• _Brief_
Both the line below containing "White House photo" and the line containing "Panasonic LED ¥¨¥¯¥¹¥Æ¥ê¥¢¡¦¥¢¥¦¥È¥É¥¢", along with every line between them, should be repeated exactly; no other line belongs in the answer.

• _Input for this task_
□ □ □ □

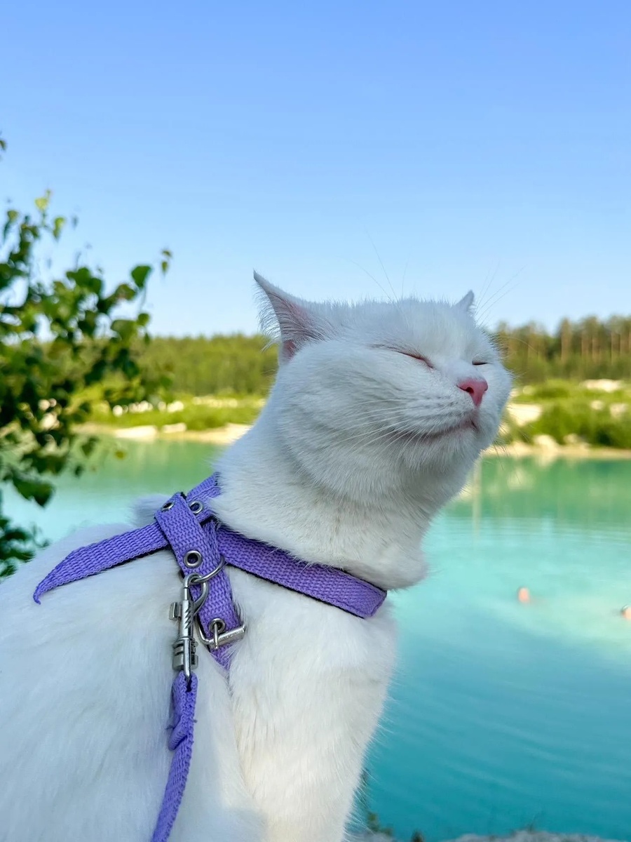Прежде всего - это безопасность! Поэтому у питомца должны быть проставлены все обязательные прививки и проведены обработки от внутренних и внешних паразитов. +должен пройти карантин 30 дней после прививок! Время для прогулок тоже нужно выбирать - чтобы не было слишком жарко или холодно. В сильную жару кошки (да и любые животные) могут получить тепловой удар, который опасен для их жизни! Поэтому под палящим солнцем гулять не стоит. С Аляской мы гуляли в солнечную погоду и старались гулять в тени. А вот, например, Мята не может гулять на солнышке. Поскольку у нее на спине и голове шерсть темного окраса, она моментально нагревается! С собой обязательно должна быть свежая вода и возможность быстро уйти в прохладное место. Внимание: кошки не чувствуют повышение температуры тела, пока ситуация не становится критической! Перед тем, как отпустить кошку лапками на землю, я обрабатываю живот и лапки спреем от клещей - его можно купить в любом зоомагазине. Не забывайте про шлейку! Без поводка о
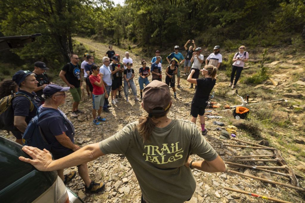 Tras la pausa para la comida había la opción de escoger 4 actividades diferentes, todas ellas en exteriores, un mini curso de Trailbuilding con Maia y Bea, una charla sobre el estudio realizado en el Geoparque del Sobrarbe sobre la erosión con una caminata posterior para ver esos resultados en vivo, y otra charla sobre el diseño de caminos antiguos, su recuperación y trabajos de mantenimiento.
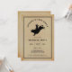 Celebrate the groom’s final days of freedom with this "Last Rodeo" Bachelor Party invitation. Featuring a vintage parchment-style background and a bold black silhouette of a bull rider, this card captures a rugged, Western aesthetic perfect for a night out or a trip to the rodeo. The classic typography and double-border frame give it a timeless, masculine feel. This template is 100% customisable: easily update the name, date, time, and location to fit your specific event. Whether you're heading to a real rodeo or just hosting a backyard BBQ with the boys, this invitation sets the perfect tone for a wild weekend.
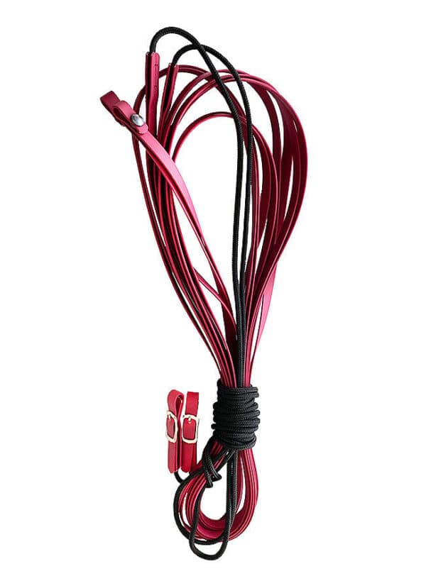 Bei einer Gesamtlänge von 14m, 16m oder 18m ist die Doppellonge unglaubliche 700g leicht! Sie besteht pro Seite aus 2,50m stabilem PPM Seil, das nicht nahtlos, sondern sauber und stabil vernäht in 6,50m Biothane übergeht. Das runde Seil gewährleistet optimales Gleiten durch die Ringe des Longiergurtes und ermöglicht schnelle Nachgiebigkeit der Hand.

□ □ □ □

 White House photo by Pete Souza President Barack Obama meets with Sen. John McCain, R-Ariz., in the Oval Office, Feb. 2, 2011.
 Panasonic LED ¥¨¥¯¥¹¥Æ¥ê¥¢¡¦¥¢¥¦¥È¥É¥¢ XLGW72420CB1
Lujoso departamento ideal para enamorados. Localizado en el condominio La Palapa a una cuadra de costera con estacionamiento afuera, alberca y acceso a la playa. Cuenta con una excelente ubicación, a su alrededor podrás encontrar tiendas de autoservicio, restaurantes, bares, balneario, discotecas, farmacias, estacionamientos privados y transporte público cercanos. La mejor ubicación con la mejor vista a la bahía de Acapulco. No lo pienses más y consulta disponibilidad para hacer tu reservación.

□ □ □ □

• _The completed task_
 White House photo by Pete Souza President Barack Obama meets with Sen. John McCain, R-Ariz., in the Oval Office, Feb. 2, 2011.
 Panasonic LED ¥¨¥¯¥¹¥Æ¥ê¥¢¡¦¥¢¥¦¥È¥É¥¢ XLGW72420CB1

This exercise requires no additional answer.